The failure modes of agents are not minor. An agent that misunderstands its goal at step one will execute a long chain of confident, internally consistent actions that collectively accomplish the wrong thing. An agent with broad tool access that encounters adversarial content — a web page designed to redirect its behaviour — may take actions its operators never intended.

Agents are not ready for fully autonomous high-stakes decisions. A credit decision, a medical diagnosis, a legal ruling — these require not just correct outputs but auditable reasoning, accountability, and the kind of verified logical chain that current LLMs cannot reliably provide. Agents are not ready for tasks where a single wrong tool call has irreversible consequences without a human checkpoint before that call is made. They are not ready for domains where the cost of a wrong action is catastrophic and correction is impossible.

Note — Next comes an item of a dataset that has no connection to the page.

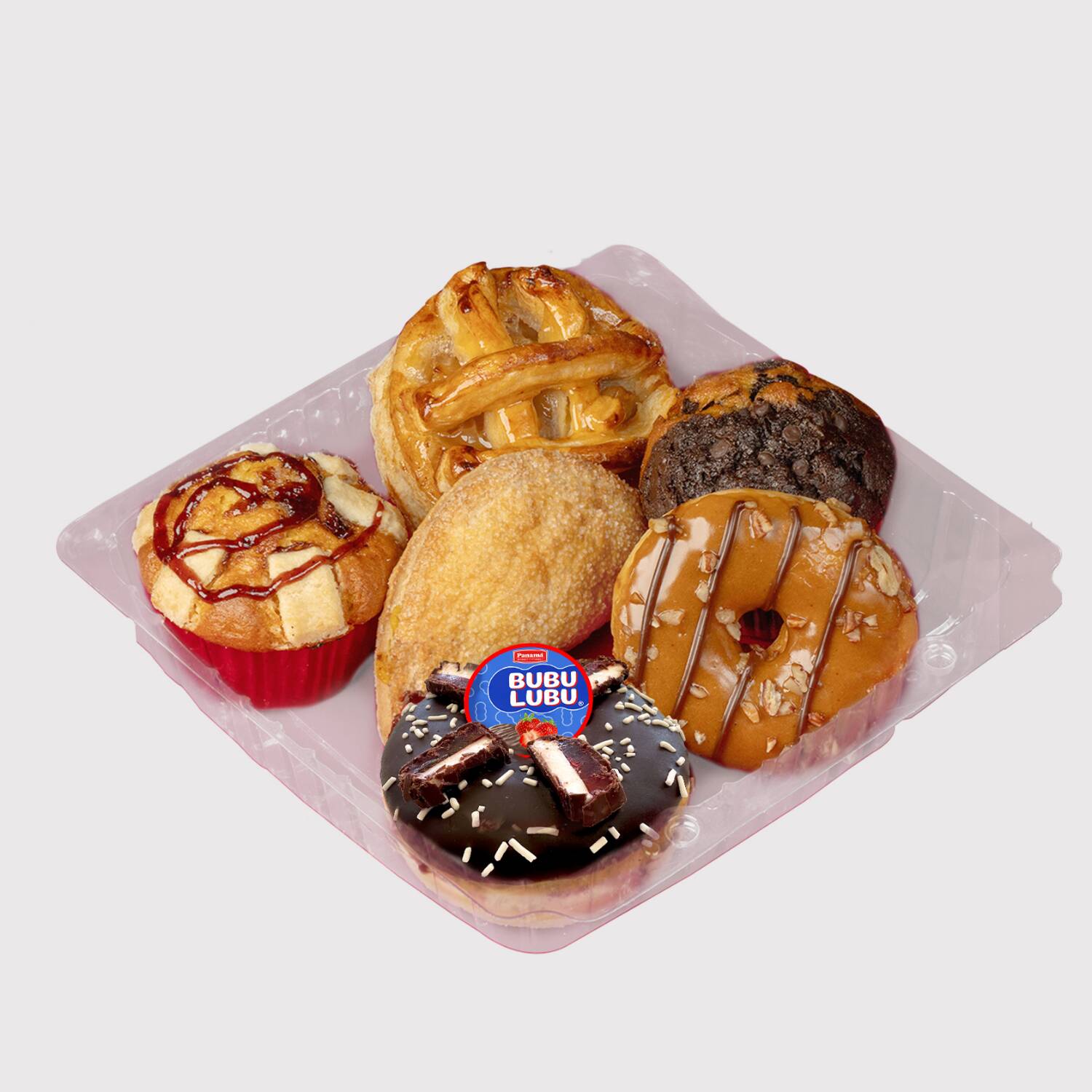 1 Muffin con zarzamora y pasta de dona, 1 Dona bubulubu, 1 Muffin marmoleado, 1 Empanada piña, 1 Dona nuez, 1 Tartaleta de manzana.

The principle for production agents is: the higher the consequence of an error, the more tightly scoped the agent should be, and the more explicit the human checkpoints should be. An agent that sends a draft email for human approval before sending is fundamentally safer than an agent that sends email autonomously.

Agents vs. Traditional Automation

RPA — robotic process automation — and traditional scripted automation work reliably for predictable, well-structured processes. If an invoice always arrives in a specific format, with fields in specific positions, a script can extract those fields with high reliability and low cost. The script does not require judgment.

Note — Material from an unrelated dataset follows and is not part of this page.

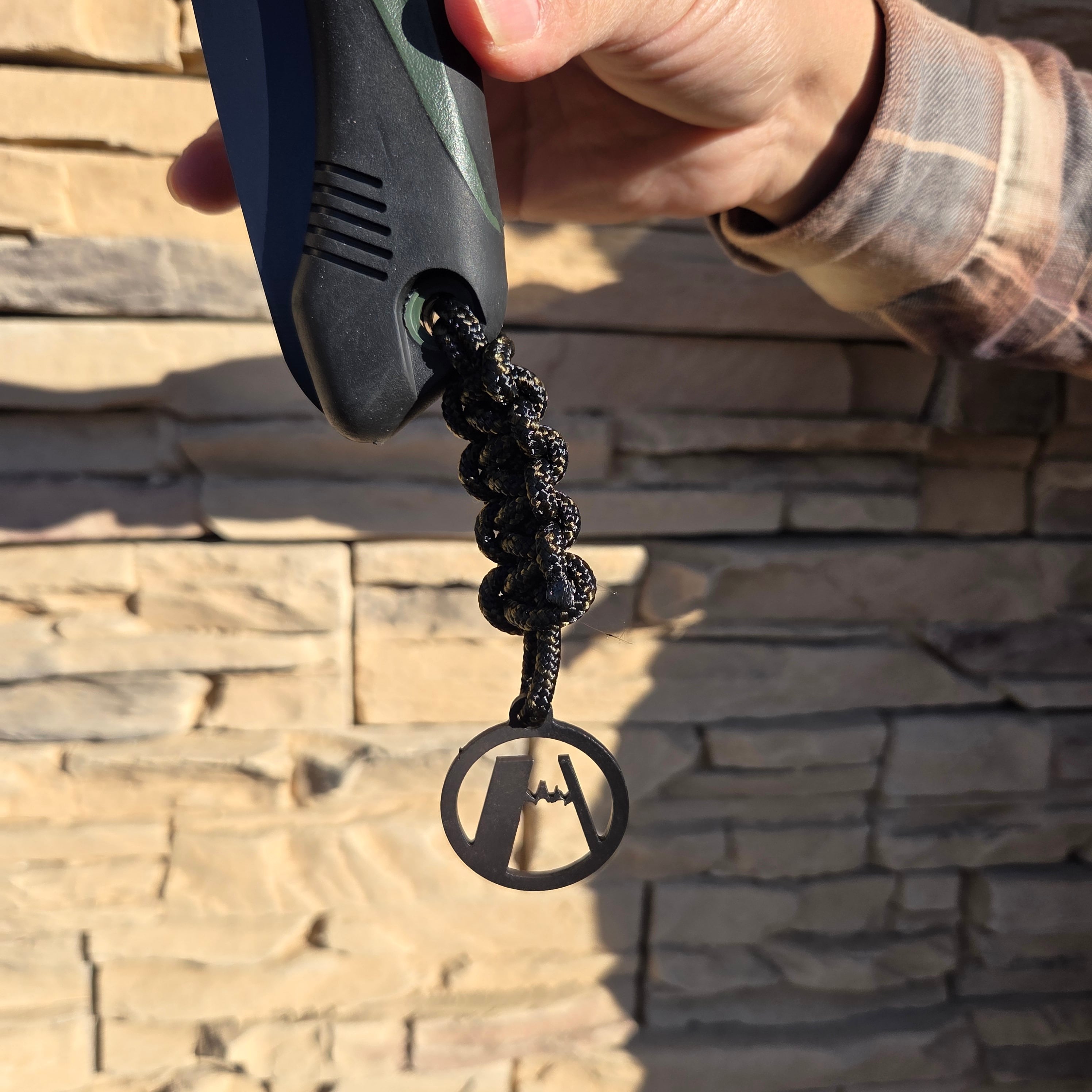 フジノハガネで販売するBlackJawsにだけ、『ハ』マークのチャームが備前紐で取り付けられており、ブレードにロゴマークが刻印されています。

Agents add value when the process requires judgment that cannot be scripted. Invoices arrive in dozens of formats. Regulatory documents use variable structures. Customer requests are phrased in ways no deterministic parser anticipates. The LLM at the centre of the agent handles the variability — it reads the invoice in whatever format it arrives and extracts the relevant fields — while the tool calls handle the actions: writing the result to a system, routing the exception, sending the notification.

The distinction matters for investment decisions. RPA is cheaper to build and more reliable in controlled conditions. Agents are more expensive to build safely and more capable in variable conditions. The right choice depends on how variable the inputs actually are and what the cost of failures is. Many processes that organisations reach for agents to solve are actually well-suited to RPA or simpler automation. Not everything needs a loop and an LLM.

What You Are Getting Into

Agents are a genuine step change in what software can do autonomously. A well-built agent can complete a research task that would take a human analyst half a day, run overnight, and deliver a structured output ready for review in the morning. That is real value.

It is also meaningfully more complex to build and operate safely than a chatbot. The orchestration loop, the tool definitions, the memory architecture, the error handling, the security posture, the observability infrastructure, the human-in-the-loop checkpoints — these are all additional surface area that requires engineering discipline to get right.

The organisations that are doing well with agents are not the ones that moved fastest. They are the ones that started with the smallest possible well-defined task, built the infrastructure correctly, and expanded scope once they had confidence in the foundation. That is the approach we recommend.